The Corsair Obsidian 650D will be the first case from Corsair that I have had the fortune to evaluate. I am expecting an easy installation, good airflow, rigid construction, and thoughtful engineering on the packaged features, as well as more abstract ones, such as wire management and interchangeability of parts. This review will feature an in-depth evaluation of the Corsair Obsidian 650D. I will begin with packaging impressions and unboxing of the case, showing its packaged accessories. Following this will be an external and internal evaluation of the case, from my thoughts and opinions on these areas using a methodical approach. Most importantly, I will perform intense testing sessions with some of the latest hardware on the market while recording temperatures of key components, such as the CPU, video card, hard drives, and northbridge, and compare these results to other cases currently on the market. I am looking forward to getting started, so I'm going go end this introduction and jump right in!
From what I've seen, Corsair generally sways away from flashy and high-end graphics on the disposable box that's most likely going to be thrown away within weeks of being opened. Other companies have been doing this as well, possibly to go green, but at the least, it saves cost. The entire box is printed in monochrome black and features a wireframe model of the Obsidian 650D on the front along with the Corsair logo next to a large amount of text.
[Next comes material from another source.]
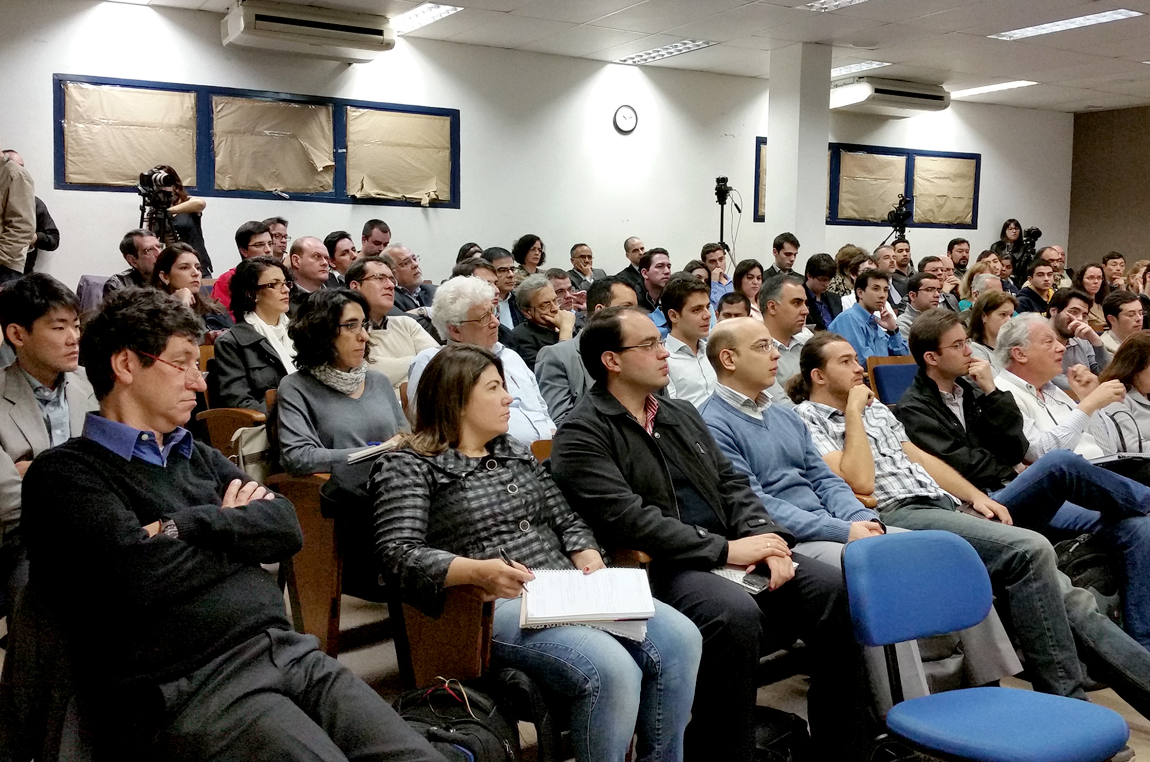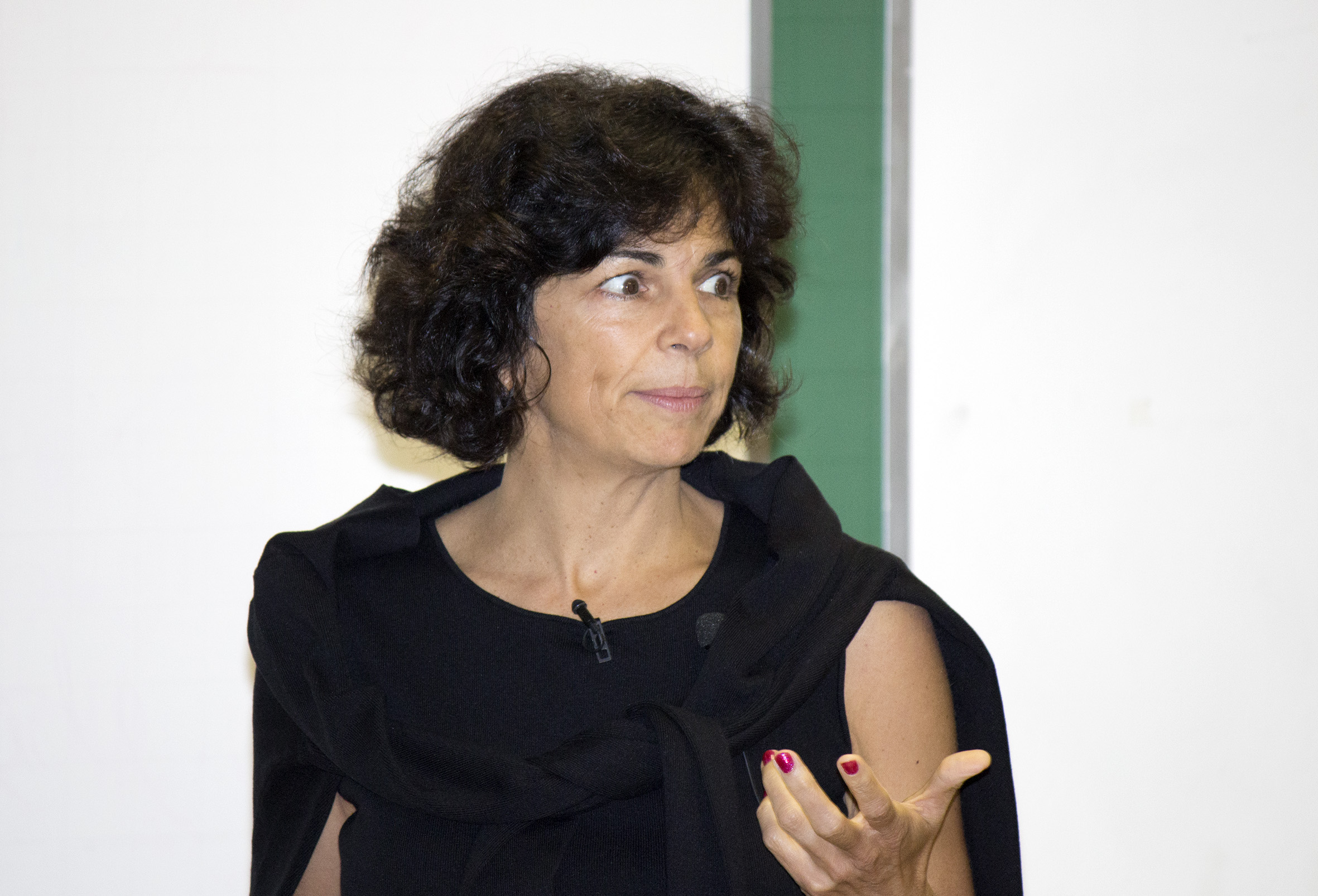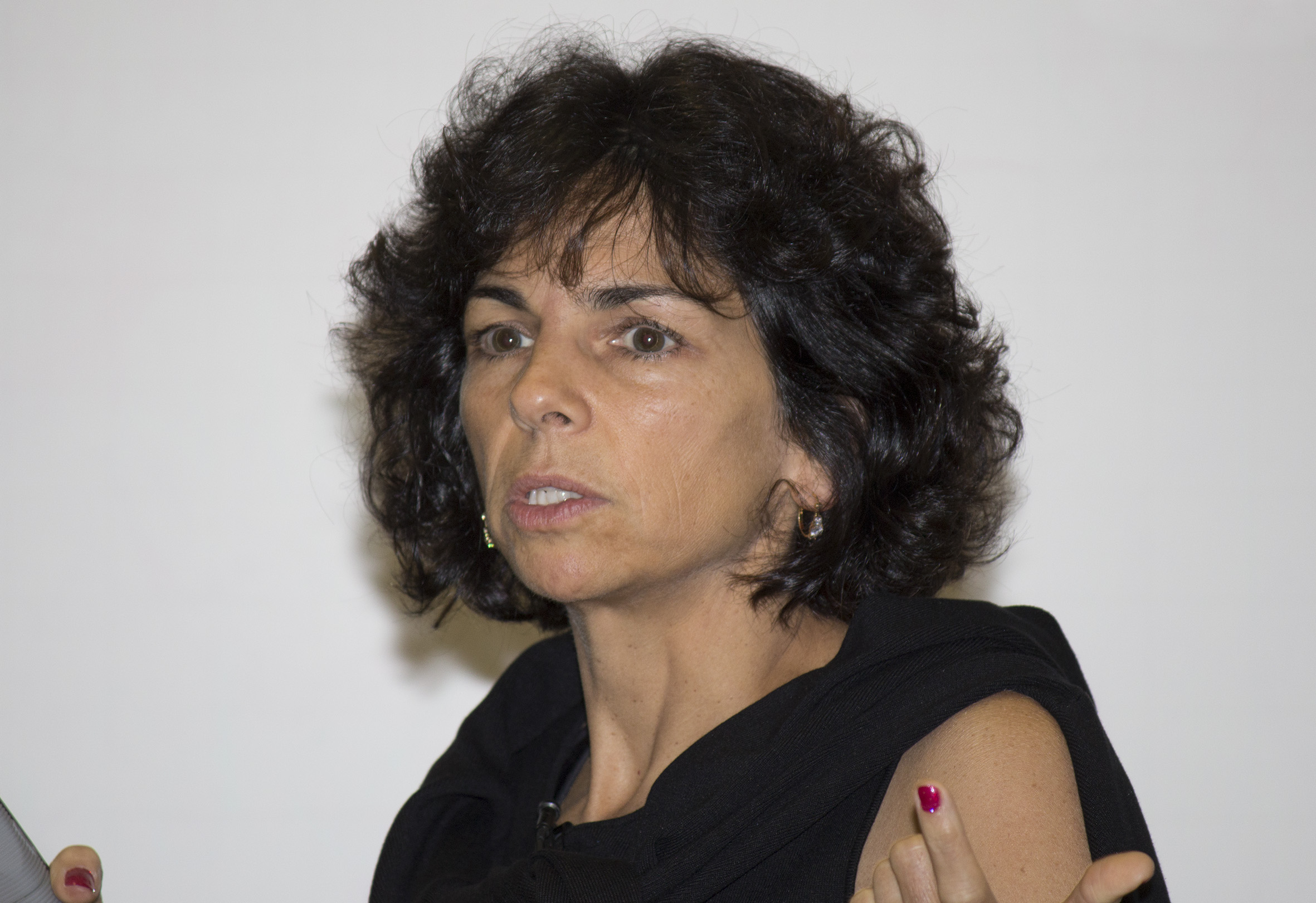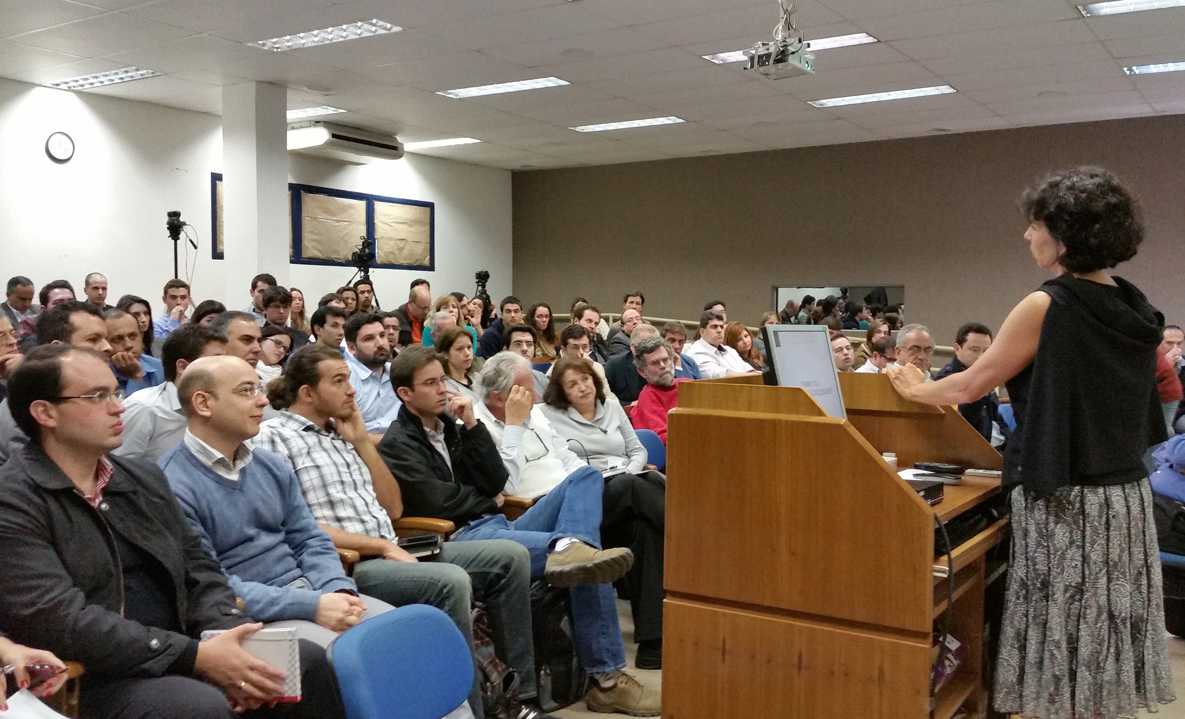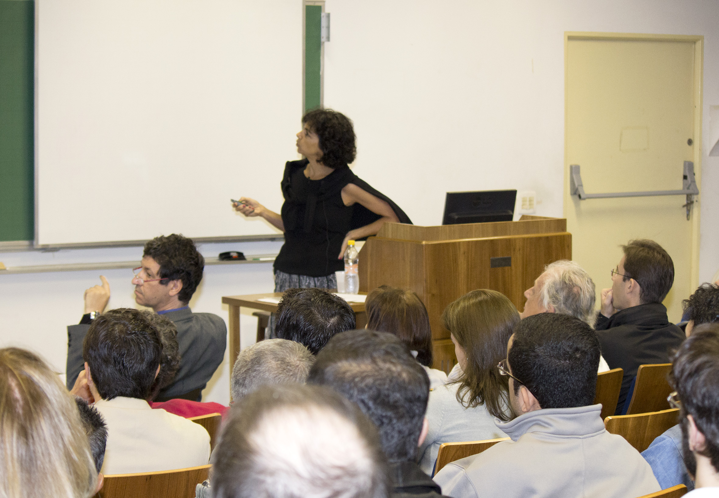 Participante do público debate com a expositora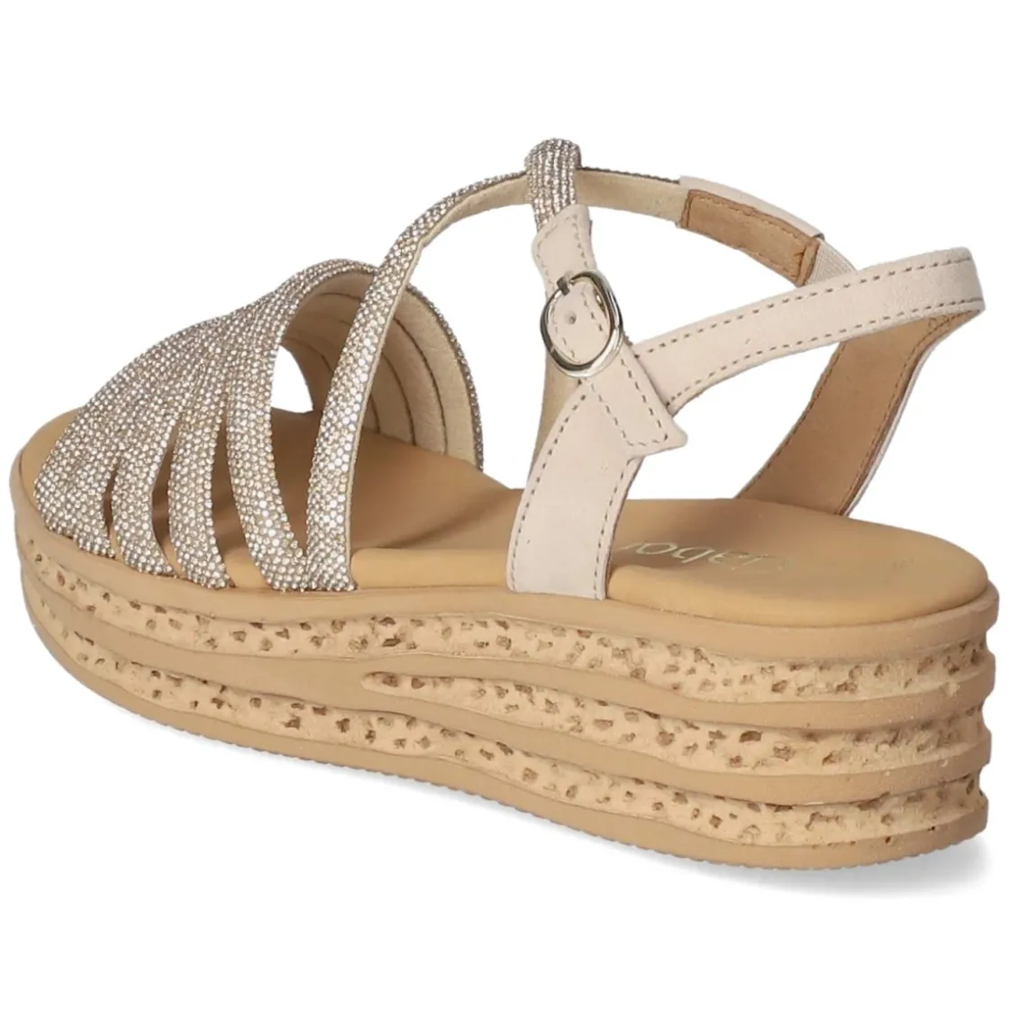 Gabor interpretiert die Plateau-Sandalette in Gold mit modernem Glamour und komfortabler Ausstattung. Das Obermaterial aus weichem Rauleder mit glitzernder Oberfläche wirkt edel, während elegante Riemen mit funkelnden Schmucksteinen das Licht einfangen. Eine goldfarbene Schnalle mit zwei Elastikeinsätzen erleichtert das An- und Ausziehen und sorgt für flexible Anpassung. Die offene Schuhspitze verleiht sommerliche Leichtigkeit. Für Tragekomfort steht das gepolsterte, hautfreundliche Lederfußbett, ergänzt durch einen leichten Keil und 5 cm Absatzhöhe, der stabilen Halt mit sanfter Höhe kombiniert. Der Fit fällt normal aus und macht die Sandaletten zum zuverlässigen Begleiter für Events und City-Looks. Modetipp: Zu cremefarbener Culotte und Seidentop entsteht ein elegant-lässiges Ensemble mit harmonischem Goldakzent.

The sides of the case show general specifications of the case, such as dimensions, weight, expansion slots, etc. This information is provided in several different languages. The back of the packaging shows something I haven't seen often, which is an exploded view of the Obsidian 650D with numbered symbols that correspond to a commentary below — also in different languages. As an engineer, I must say we appreciate the exploded views! It's a very clear representation of the case and what to expect in terms of features and components.
The Obsidian 650D is packaged like most others, between two blocks of Styrofoam and wrapped in a bag. The accessory package can be found inside the case, which contains general hardware, such as standoffs, screws, zipties, etc. There is also a user's document included, which is basically a small poster that covers the basics on what features this case offers and how to fully take advantage of them.